Data confidentiality is about protecting data against unintentional, unlawful, or unauthorized access, disclosure, or theft.
Confidentiality has to do with the privacy of information, including authorizations to view, share, and use it. Information with low confidentiality concerns may be considered "public" or otherwise not threatening if exposed beyond its intended audience. Information with high confidentiality concerns is considered secret and must be kept confidential to prevent identity theft, compromise of accounts and systems, legal or reputational damage, and other severe consequences.
Examples of data with high confidentiality concerns include:
- Social Security numbers - must remain confidential to prevent identity theft.
- Passwords - must remain confidential to protect systems and accounts.
The following are considered when managing data confidentiality:
- To whom data can be disclosed
- Whether laws, regulations, or contracts require data to remain confidential
- Whether data may only be used or released under certain conditions
- Whether data is sensitive by nature and would have a negative impact if disclosed
- Whether data would be valuable to those who aren't permitted to have it (e.g., hackers)
- Encrypt sensitive files.
Encryption is a process that renders data unreadable to anyone except those who have the appropriate password or key. By encrypting sensitive files (by using file passwords, for example), you can protect them from being read or used by those who are not entitled to do either.
- Manage data access.
Controlling confidentiality is, in large part, about controlling who has access to data.
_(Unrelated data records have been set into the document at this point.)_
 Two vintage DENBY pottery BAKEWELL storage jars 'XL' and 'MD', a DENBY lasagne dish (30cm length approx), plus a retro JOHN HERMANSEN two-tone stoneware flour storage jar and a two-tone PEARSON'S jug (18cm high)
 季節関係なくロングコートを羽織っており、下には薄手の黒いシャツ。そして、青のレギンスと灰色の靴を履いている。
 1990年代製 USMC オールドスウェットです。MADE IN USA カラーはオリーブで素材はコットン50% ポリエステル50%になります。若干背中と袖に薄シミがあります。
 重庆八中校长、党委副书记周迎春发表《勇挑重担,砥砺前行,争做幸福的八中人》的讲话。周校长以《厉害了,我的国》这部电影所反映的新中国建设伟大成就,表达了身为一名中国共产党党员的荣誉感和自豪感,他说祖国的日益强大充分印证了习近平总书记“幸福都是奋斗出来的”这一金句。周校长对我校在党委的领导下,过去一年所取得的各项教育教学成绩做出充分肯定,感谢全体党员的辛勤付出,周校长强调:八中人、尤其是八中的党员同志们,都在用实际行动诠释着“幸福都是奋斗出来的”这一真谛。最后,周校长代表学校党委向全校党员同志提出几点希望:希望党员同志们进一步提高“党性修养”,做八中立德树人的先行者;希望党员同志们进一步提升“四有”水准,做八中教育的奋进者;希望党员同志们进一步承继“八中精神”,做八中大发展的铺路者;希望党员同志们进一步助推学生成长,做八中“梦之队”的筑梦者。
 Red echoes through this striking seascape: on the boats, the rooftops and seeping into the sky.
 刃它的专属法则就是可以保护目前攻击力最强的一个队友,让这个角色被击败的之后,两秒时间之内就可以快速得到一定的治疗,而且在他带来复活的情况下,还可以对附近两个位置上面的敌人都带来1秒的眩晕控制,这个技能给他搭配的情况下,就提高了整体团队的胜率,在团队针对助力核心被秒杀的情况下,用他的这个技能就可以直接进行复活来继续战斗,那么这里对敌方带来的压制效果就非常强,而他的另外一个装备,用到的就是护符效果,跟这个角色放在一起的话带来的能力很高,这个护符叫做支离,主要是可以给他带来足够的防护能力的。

Ensuring that access is only authorized and granted to those who have a "need to know" goes a long way in limiting unnecessary exposure. Users should also authenticate their access with strong passwords and, where practical, two-factor authentication. Periodically review access lists and promptly revoke access when it is no longer necessary.
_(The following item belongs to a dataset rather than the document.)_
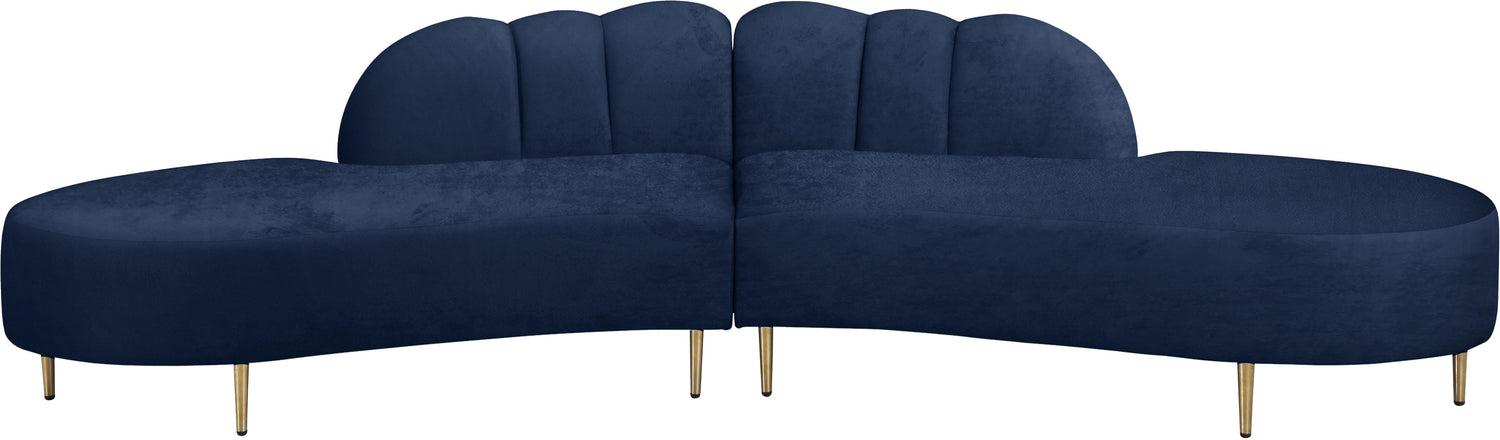 Elevate your interior with the addition of this Divine velvet two-piece sectional. This lovely seating option features navy velvet upholstery covering every last inch, ensuring your total comfort as you lounge the day away. The shell shape and deep channel tufting along with the piece���s gold stainless steel legs lend it an uber contemporary feel that is well-suited for your modern d?�cor.
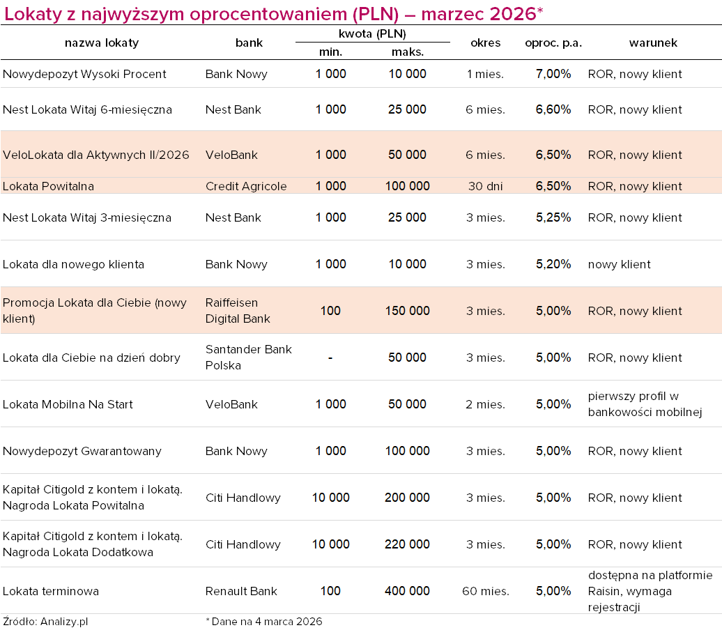 Ofert na równo 5% jest w tym miesiącu aż siedem. Znajdziemy je w Santanderze Banku Polska (Erste Bank Polska), VeloBanku, Banku Nowym, Citi Handlowym (spadek z 5,50%) oraz Renault Banku (spadek z 5,15%; 5-letnia Lokata terminowa dostępna jest przez platformę Raisin). Pozostałe depozyty są krótkoterminowe (2-3 miesiące). Kwoty maksymalne wahają się od 50 tys. zł w przypadku Santandera i Velobanku do 400 tys. zł w Renault Banku.

- Physically secure devices and paper documents.
Controlling access to data includes controlling access of all kinds, both digital and physical. Protect devices and paper documents from misuse or theft by storing them in locked areas. Never leave devices or sensitive documents unattended in public locations.
- Securely dispose of data, devices, and paper records.
When data is no longer necessary, it must be disposed of appropriately.
Sensitive data, such as Social Security numbers, must be securely erased to ensure that it cannot be recovered and misused.
Devices that were used for business purposes or that were otherwise used to store sensitive information should be destroyed or securely erased to ensure that their previous contents cannot be recovered and misused.
Paper documents containing sensitive information should be shredded rather than dumped into trash or recycling bins.
- Manage data acquisition.
When collecting sensitive data, be conscious of how much data is actually needed and carefully consider privacy and confidentiality in the acquisition process. Avoid acquiring sensitive data unless absolutely necessary; one of the best ways to reduce confidentiality risk is to reduce the amount of sensitive data being collected in the first place.
- Manage data utilization.
Confidentiality risk can be further reduced by using sensitive data only as approved and as necessary. Misusing sensitive data violates the privacy and confidentiality of that data and of the individuals or groups the data represents.
- Manage devices.
Computer management is a broad topic that includes many essential security practices. By protecting devices, you can also protect the data they contain. Follow basic cybersecurity hygiene by using anti-virus software, routinely patching software, whitelisting applications, using device passcodes, suspending inactive sessions, enabling firewalls, and using whole-disk encryption.